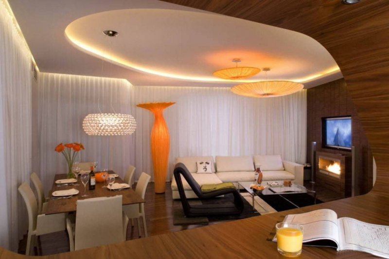 От формы и вида потолка зависит общее восприятие интерьера. Среди существующих вариантов хороший эффект производят многоярусные конструкции. Для создания таких покрытий походят не все материалы, их можно соорудить из:
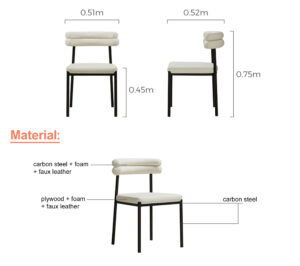 Supported by a sturdy carbon steel frame, the chair holds up to 95kg and stays stable during use. Ideal for contemporary dining spaces, it offers quality, style, and function in one compact piece.
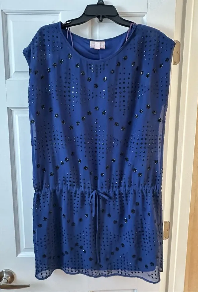 Stylish navy dress with black details. Ideal for casual outings. Comfortable and trendy.
|---|
◆ WHAT THE TASK REQUIRES ◆
Line by line, write out the material exactly, leaving the images out.

◆ RESPONSE TO THE TASK ◆
 От формы и вида потолка зависит общее восприятие интерьера. Среди существующих вариантов хороший эффект производят многоярусные конструкции. Для создания таких покрытий походят не все материалы, их можно соорудить из:
 Supported by a sturdy carbon steel frame, the chair holds up to 95kg and stays stable during use. Ideal for contemporary dining spaces, it offers quality, style, and function in one compact piece.
 Stylish navy dress with black details. Ideal for casual outings. Comfortable and trendy.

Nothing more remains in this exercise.